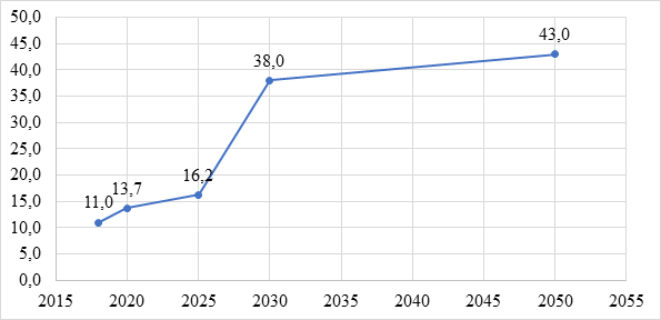 Эмпирика подтверждает структурный характер сдвига: в возобновляемой энергетике было 11,0 млн рабочих мест в 2018 г., 13,7 млн – в 2022 г. и 16,2 млн – в 2023 г. В сценарии удержания потепления на уровне 1,5 °C к 2030 г. ожидается рост до 38 млн, с дальнейшим увеличением до 43 млн к 2050 г. Траектория отражает ускоренный ввод солнечных и ветровых мощностей, расширение производственных и логистических цепочек, модернизацию сетей и распространение накопителей энергии (рис. 1).
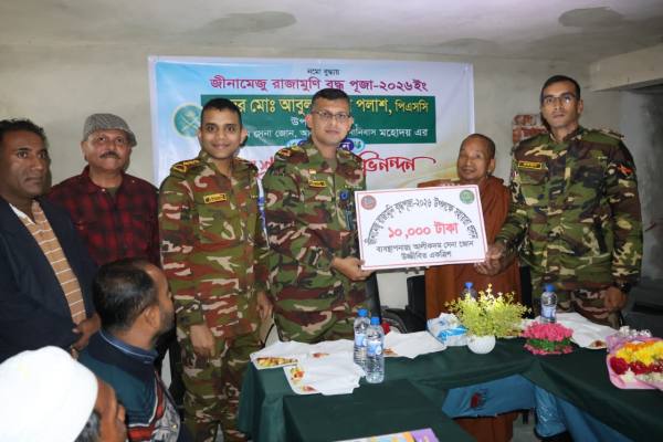 পার্বত্য অঞ্চলে সাম্প্রদায়িক সম্প্রীতি, মানবিক সহায়তা ও সামাজিক উন্নয়নের ধারাবাহিকতায় আলীকদম সেনা জোন জীনামেজু বুদ্ধপূজা-২০২৬ উপলক্ষে আর্থিক ও মানবিক সহায়তা প্রদান করেছে।
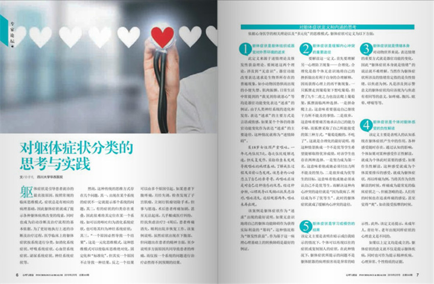 《心理與健康》創(chuàng)辦于1994年,月刊,單期80頁,《心理與健康》雜志是中國科協(xié)主管,中國心理衛(wèi)生協(xié)會主辦的國家級心理科普雜志。創(chuàng)刊23年來,一直以提高我國人口心理健康素質(zhì)、增進(jìn)大眾心身健康為宗旨,并以其較強(qiáng)的知識性、指導(dǎo)性和實(shí)用性贏得了眾多讀者的喜愛。
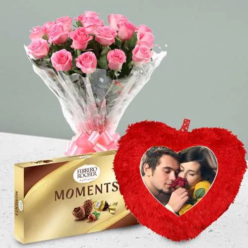 Create magical moments by ordering online this Soothing Gift of 15 Pink Roses Bouquet with Personalized Photo Cushion n 16pc Ferrero Rocher Moments Chocolate Box for your loved ones and spread your warm feelings into their hearts.
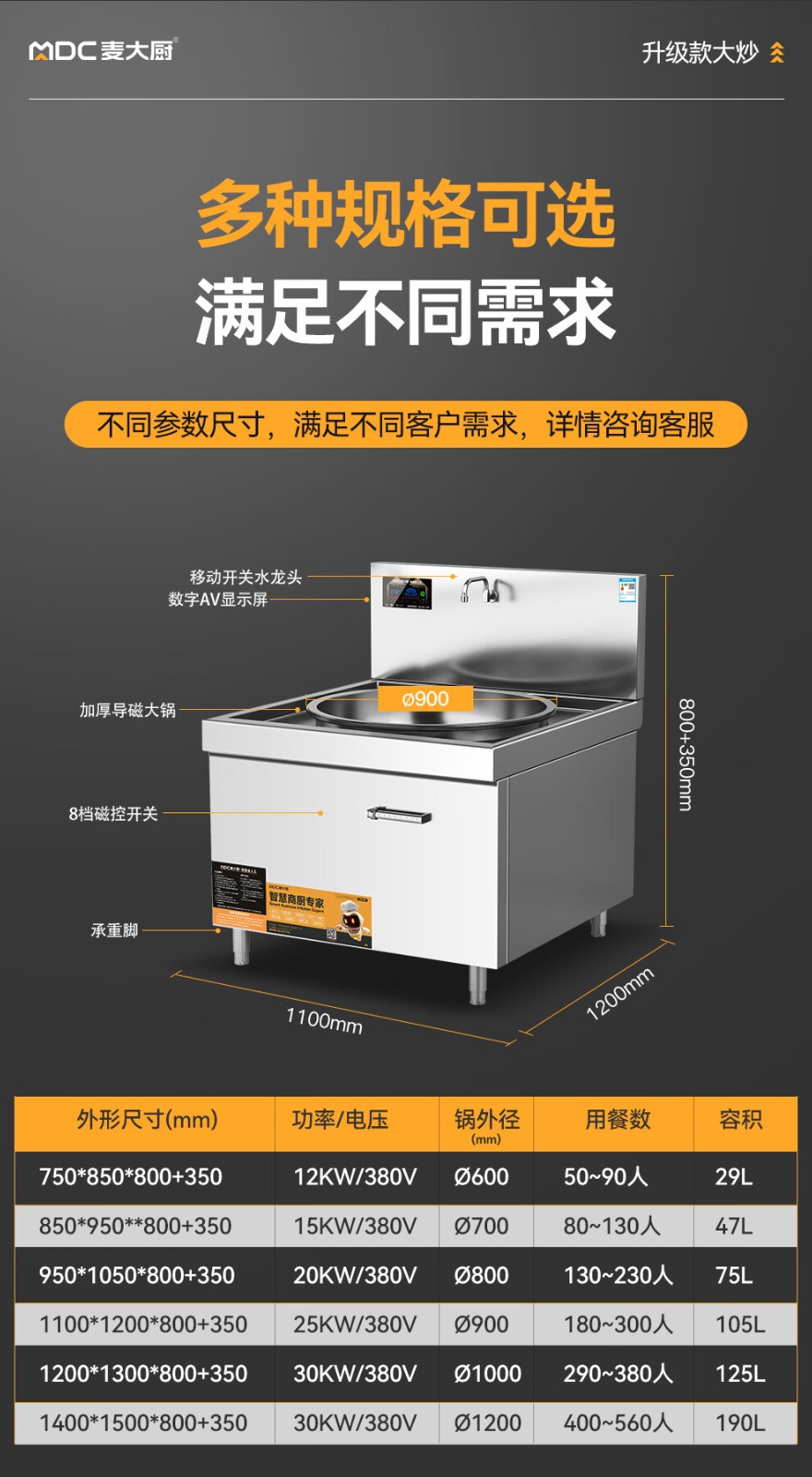 - 更多MDC商用大锅灶规格咨询在线客服
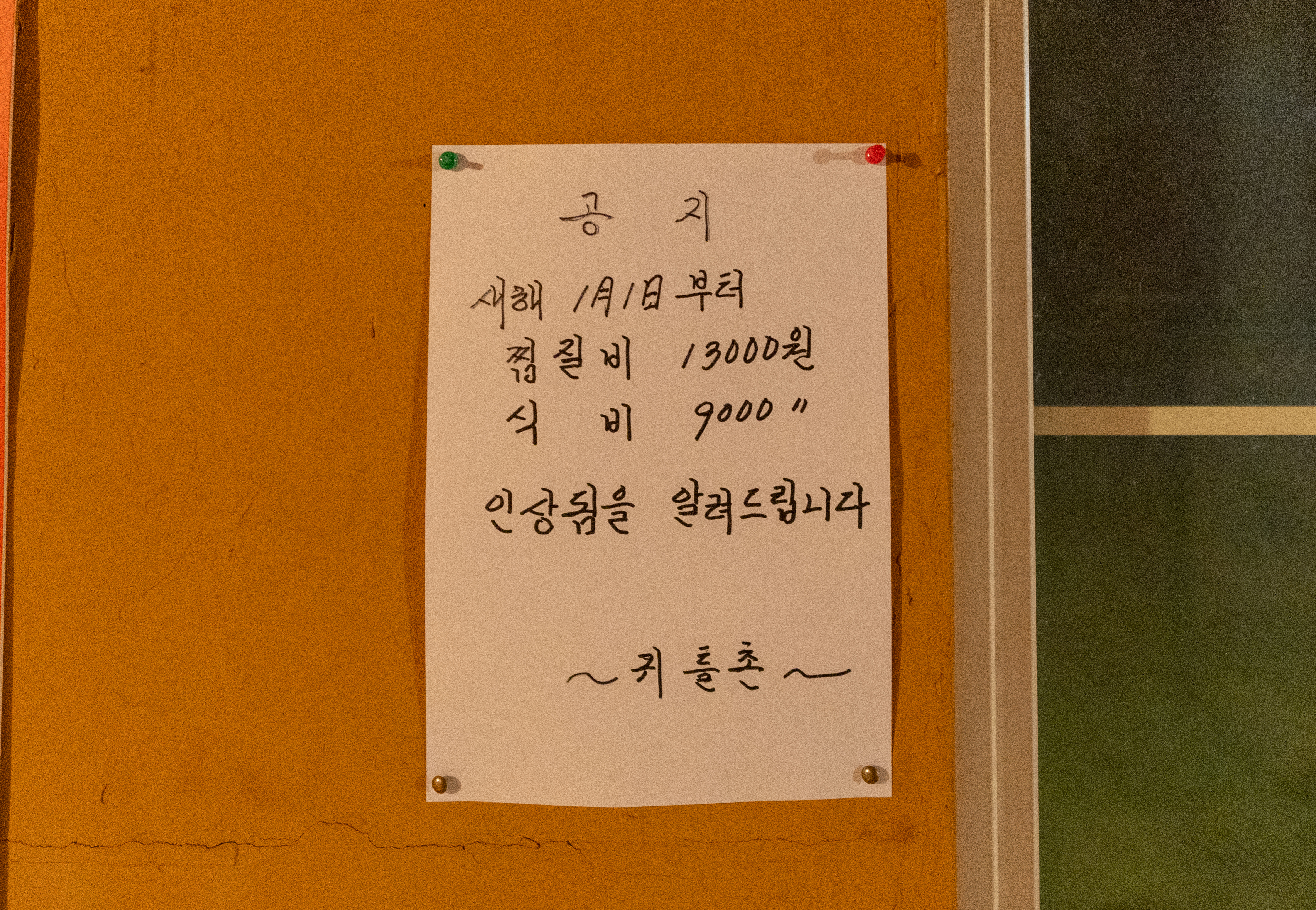 춘천의 귀틀촌 찜질방의 이용요금이 2026년 1월 1일부터 찜질비 13,000원, 식비 9,000원으로 1,000원씩 인상 될 예정이라고 합니다. 이용에 참고하시기 바랍니다.

————————

| ASSIGNMENT |
Please set down each line of the listing above word for word, skipping any pictures.

| YOUR RESPONSE |
 Эмпирика подтверждает структурный характер сдвига: в возобновляемой энергетике было 11,0 млн рабочих мест в 2018 г., 13,7 млн – в 2022 г. и 16,2 млн – в 2023 г. В сценарии удержания потепления на уровне 1,5 °C к 2030 г. ожидается рост до 38 млн, с дальнейшим увеличением до 43 млн к 2050 г. Траектория отражает ускоренный ввод солнечных и ветровых мощностей, расширение производственных и логистических цепочек, модернизацию сетей и распространение накопителей энергии (рис. 1).
 পার্বত্য অঞ্চলে সাম্প্রদায়িক সম্প্রীতি, মানবিক সহায়তা ও সামাজিক উন্নয়নের ধারাবাহিকতায় আলীকদম সেনা জোন জীনামেজু বুদ্ধপূজা-২০২৬ উপলক্ষে আর্থিক ও মানবিক সহায়তা প্রদান করেছে।
 《心理與健康》創(chuàng)辦于1994年,月刊,單期80頁,《心理與健康》雜志是中國科協(xié)主管,中國心理衛(wèi)生協(xié)會主辦的國家級心理科普雜志。創(chuàng)刊23年來,一直以提高我國人口心理健康素質(zhì)、增進(jìn)大眾心身健康為宗旨,并以其較強(qiáng)的知識性、指導(dǎo)性和實(shí)用性贏得了眾多讀者的喜愛。
 Create magical moments by ordering online this Soothing Gift of 15 Pink Roses Bouquet with Personalized Photo Cushion n 16pc Ferrero Rocher Moments Chocolate Box for your loved ones and spread your warm feelings into their hearts.
 - 更多MDC商用大锅灶规格咨询在线客服
 춘천의 귀틀촌 찜질방의 이용요금이 2026년 1월 1일부터 찜질비 13,000원, 식비 9,000원으로 1,000원씩 인상 될 예정이라고 합니다. 이용에 참고하시기 바랍니다.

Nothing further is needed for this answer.